Yes, it's possible to get collector's insurance coverage for full market value for your car, and save up to 50 percent off of the premium you'd pay with ordinary insurance. That makes classic car insurance a must-have for any serious car buff.
Below is information about three of the most reputable and dependable collectors and classic car insurance companies in the USA (All information listed below subject to change, please contact the insurance companies listed to be sure.):
Hagerty Insurance P.O. Box 1303 Traverse City, MI 49685-1303
Email: auto@hagerty.com Toll Free: 800-922-4050
Qualifications:
  • Similar to the others listed below, but please contact Haggerty for details.

American Collectors Insurance P.O. Box 8343 Cherry Hill, NJ 08002 Email: info@americancollectors.com Toll Free: (800) 360-2277 Qualifications (subject to change or regional laws so check with the company for specific up-to-date information).
  • At least 15 years old
  • Garage-kept
  • Driven on a limited, pleasure-only basis (up to 5,000 annual miles - available in most states)
You may also qualify by:
  • Having at least 10 years driving experience
  • Having a good driving record
  • Having at least one "regular" vehicle for every licensed driver in the household You may request a policy application either directly from American Collectors Insurance or through your local insurance agent (rates are the same either way).

Parish Heacock Classic Car Insurance P.O. Box 24807 Lakeland, FL 33802-4807 Email: info@parishheacock.com Toll free: (800) 678-5173 Qualifications (subject to change or regional laws so check with the company for specific up-to-date information).
  • Each household member of driving age must have at least 10 years driving experience or be excluded.
  • Each household member must have a regular use vehicle less than 15 years old that is insured with liability limits equal to or higher than the limits being applied for on the collectible vehicle.
  • All licensed members of household and any other drivers of the vehicle must be listed on the application.
  • Maximum of two accidents or violations in the household, maximum of one per licensed household member in past 3 years. No major violations permitted in past 5 years.

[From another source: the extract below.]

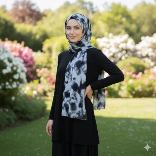 Generic - سكارف حجاب قطني بطباعة مميزة متعددة الألوان بتصميم خفيف الوزن ومزود بمسامات للتهوية، صناعة مصرية، مقاس 75 سم × 1.90 م
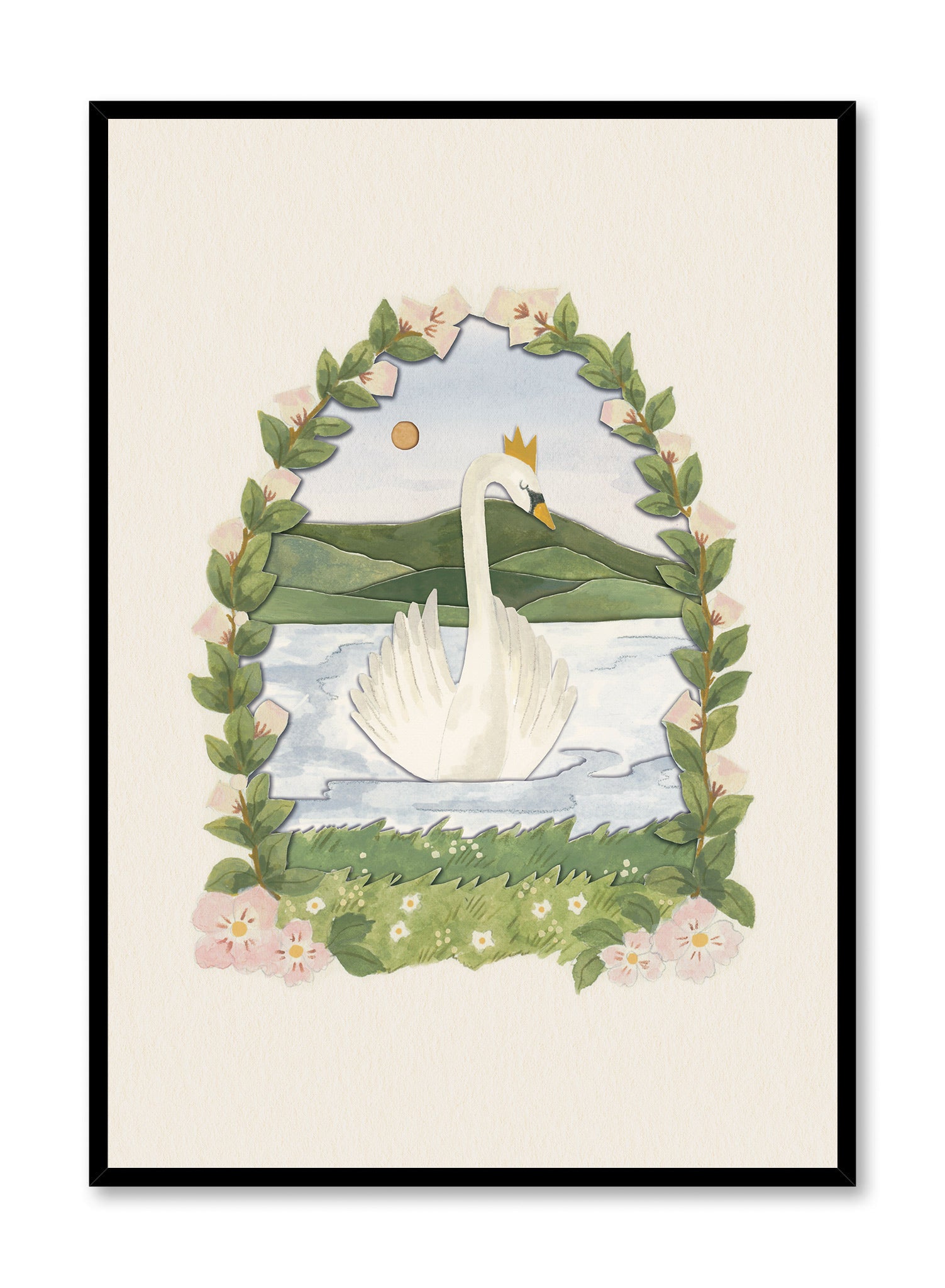 A serene swan glides gracefully across a tranquil lake, crowned with a golden tiara that catches the soft light of a setting sun. Encircled by a lush arch of green leaves and delicate pink blossoms, the scene evokes a sense of peaceful elegance. Rolling hills stretch into the distance, painted in gentle hues of green and blue, creating a backdrop that feels both timeless and inviting.

  • A Driver Health Questionnaire must be completed for all drivers over 70 years old.
  • Auto must be stored in a locked permanent garage facility when not driven.

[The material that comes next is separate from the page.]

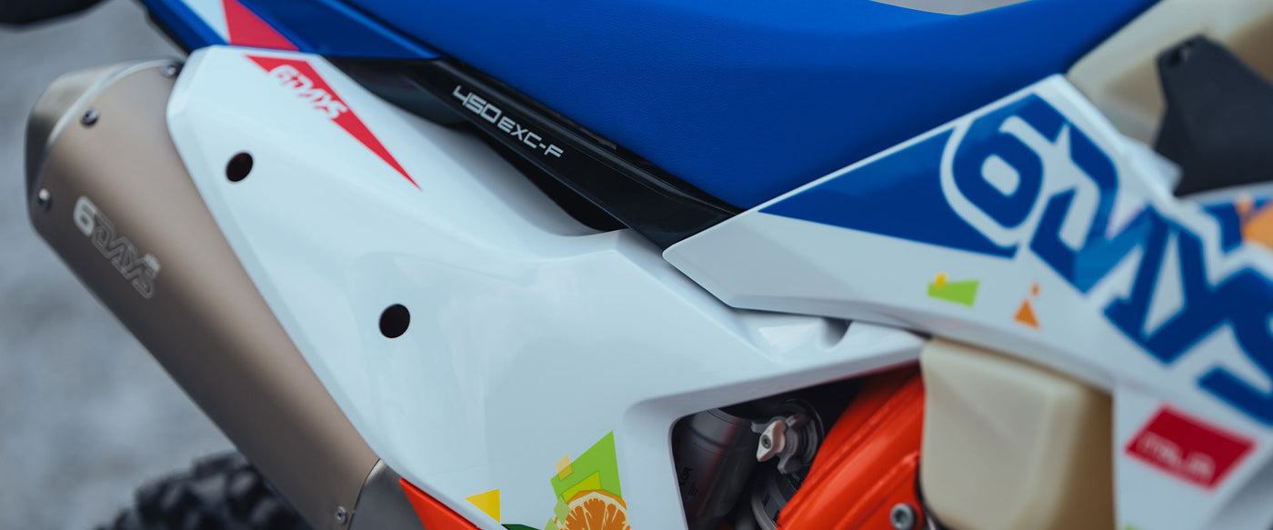 The KTM 450 EXC-F 6DAYS needs little introduction in enduro circles. Big power, unmatched agility, and truckloads of torque put this extreme READY TO RACE enduro weapon at the sharp end of any offroad battle. For 2026, it retains its championship-winning pedigree with a lightweight frame, closed-cartridge suspension, and a weapons chest of smart electronics to the paddock.

  • Auto may not be used for commuting to or from work or school, used for business purposes or as a substitute for another auto.

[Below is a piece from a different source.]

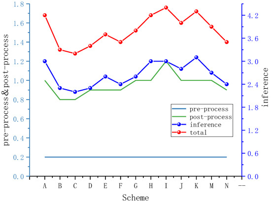 The detection time curves under different schemes. “A–N” represents the different schemes presented in Table 6.

  • Autos not covered while on a racetrack or when being used for: racing, speed, driver's education, or timed events.
  • Must display pride of ownership: well maintained, in restored or well-preserved condition.
  • Vehicles under restoration must be stored at residence or a restoration shop, with a target date for completion. Agreed value coverage is not available on cars under restoration. Eligibility subject to company review.
  • Replica Vehicles and Pro Street vehicles are subject to company review.
  • Trucks and Jeeps must be over 25 years old, and not be used for towing, hauling, off-road or utility use.
  • Generally do not require appraisals, but may ask for one if vehicle value is difficult to determine.